Ruxolitinib Cream (JAK1/2 Inhibitor): The TRuE-AD3 study demonstrated robust efficacy in children aged 2 to 11 years, with 52-week data showing sustained IGA 0/1 (clear/almost clear) responses and a favorable safety profile.⁶ (FDA approved 2022)

Roflumilast Cream (PDE4 Inhibitor): Data from the INTEGUMENT-1/2 trials in patients aged 6 years and older showed significant improvements in vIGA-AD and pruritus by week 4, with durable efficacy through 52 weeks in the open-label extension.⁷ (FDA approved July 2024)

Tapinarof Cream (AHR Modulator): ADORING 1/2 trials demonstrated significant IGA success and pruritus reduction at week 8 in patients aged ≥2 years. This therapy allows proactive maintenance with intermittent use.⁸ (FDA approved December 2024)

Systemic Therapies: Expanding the Toolbox

"Let's move to systemics. Dupilumab was our first approved medication for AD and it drove a paradigm shift,” Golant said. “I tell my patients it is a once-in-practice-lifetime medication, because it changed everything about the atopic dermatitis space when it was approved.”

Dupilumab (IL-4Rα Inhibitor): Long-term data from the LIBERTY-AD-HAFT trial confirmed efficacy in chronic hand eczema.
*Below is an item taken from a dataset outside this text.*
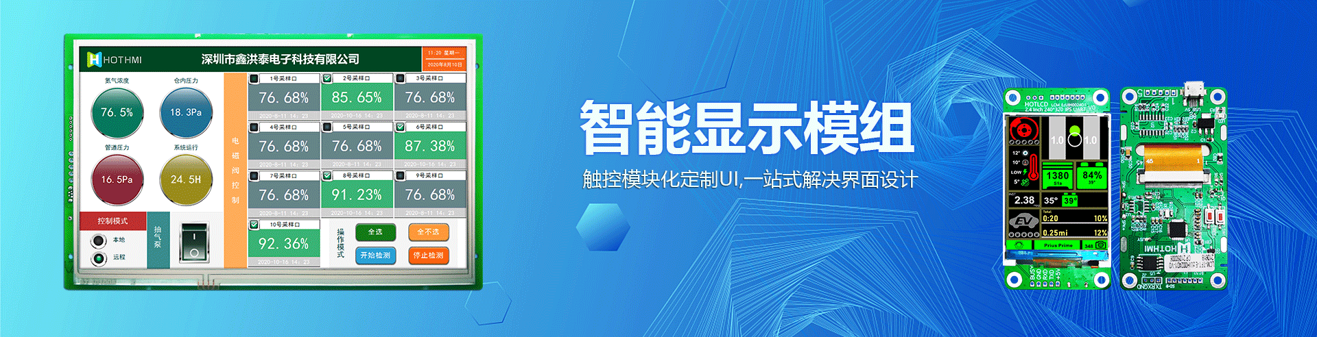 鑫洪泰EzUI系列智能液晶顯示模塊,即:E(easy容易的)、z(zero零代碼)、UI(用戶界面)。 EzUILet 系列模塊最大的特色為使用簡(jiǎn)便、功能豐富,用戶對(duì)其使用可簡(jiǎn)可繁。用戶可以使用界面開(kāi)發(fā)工具軟件(EzUITool)進(jìn)行人機(jī)界面的設(shè)計(jì)、編輯、控件配置、響應(yīng)設(shè)置等,將工具軟件生成的資源文件復(fù)制到 EzUILet 系列模塊之中,便可達(dá)成所需人機(jī)交互界面的設(shè)計(jì)制作,而無(wú)需用戶單片機(jī)或其它控制器的編程控制。而為滿足有特殊要求的用戶,EzUILet 系列模塊還保留有大部分顯示控制指令,以便于用戶可以更自由的對(duì)模塊顯示進(jìn)行控制。 EzUILet系列與 EzUI 系列:EzUILet系列模塊由 EzUI 系列模塊衍生,也屬于 EzUI 系列模塊;相對(duì)EzUI 系列模塊,EzUILet系列精簡(jiǎn)了部分控件的屬性,并且將模塊 USB 設(shè)備接口改為虛擬串口,資源文件的寫(xiě)入方式與原 EzUI 系列不同;EzUILet 系列模塊還將資源存儲(chǔ)器的容量降低,使之更合理,可靠性更好。EzUILet系列當(dāng)中的無(wú)觸摸版本需要用戶 MCU發(fā)送按鍵消息,并由這些按鍵消息觸發(fā)模塊內(nèi)部 GUI系統(tǒng)的事件,這點(diǎn)與帶觸摸的 EzUI 系列模塊是最大的不同之處。EzUILet 系列模塊的 GUI 系統(tǒng)當(dāng)中各個(gè)控件的命名仍使用 EzUI 系列模塊的命名。

Additionally, a six-year retrospective analysis revealed a lower risk of internal malignancies in patients treated with dupilumab.^9,10 (FDA approved 2017)

Tralokinumab (IL-13 Inhibitor): The ECZTEND study reported sustained EASI-75 responses (93%) through week 248, including efficacy in patients who previously failed dupilumab, with good response in head and neck AD.¹¹ (FDA approved 2021)

"On to our new kids on the block.”

Lebrikizumab (IL-13 Inhibitor): Three-year data show sustained efficacy, with approximately 80% achieving EASI-90 at week 152.¹² (FDA approved September 2024)

Nemolizumab (IL-31 Inhibitor): ARCADIA 1/2 trials confirmed rapid pruritus relief and durable efficacy with q4-8 week dosing.¹³ (FDA approved December 2024)

JAK Inhibitors: Speed of Response and Sustained Control

Upadacitinib (JAK1 Inhibitor): Integrated safety data over 5 years confirm a consistent safety profile, with superior pruritus and skin clearance compared to dupilumab in the HEADS-UP trial, the first head-to-head study with dupilumab.¹⁴ (FDA approved 2022)

“I want to comment here on the composite endpoint of EASI-100 and that itch free state – approximately 28% of the patients achieved that endpoint at week 16, and some of these were dupilumab nonresponders."

Abrocitinib (JAK1 Inhibitor): Label updates now allow dose escalation to 200 mg daily if the 100 mg dose is insufficient, supporting personalized treatment approaches.¹⁵ (FDA approved 2022)

The Future: Novel Targets and Disease Modification

“OX40 should be on your radar,” Golant urged. “It’s a really interesting pathway involved in T-cell activation and is going to be a new way to target this disease. And what is very interesting about the data is even when you withdraw, there seems to be a lingering effect. We're starting to dip the toe, some would say, into disease modification.”

OX40 Inhibitors: Amlitelimab (STREAM-AD phase 2 trial) and rocatinlimab show sustained efficacy after treatment cessation, suggesting potential disease modification.¹⁶

IL-22 and IL-18 Pathways: Emerging data on temtokibart (IL-22RA1 in phase 2a trial) and GSK1070806 (IL-18 mAb in phase 1b trial) suggest novel mechanisms for refractory AD.¹⁷

Following the rapid top-line review of the promising data on new molecules, Golant concluded: "This therapeutic revolution in AD is allowing us to aim for deeper, more meaningful levels of disease control. When we see a patient we feel isn't quite hitting the mark, act on that. Let's not just look at EASI-75, let's look for EASI-90, the clearest skin, an itch-free state. We should continue to push for optimal patient outcomes by integrating the latest therapies and staying updated on emerging science."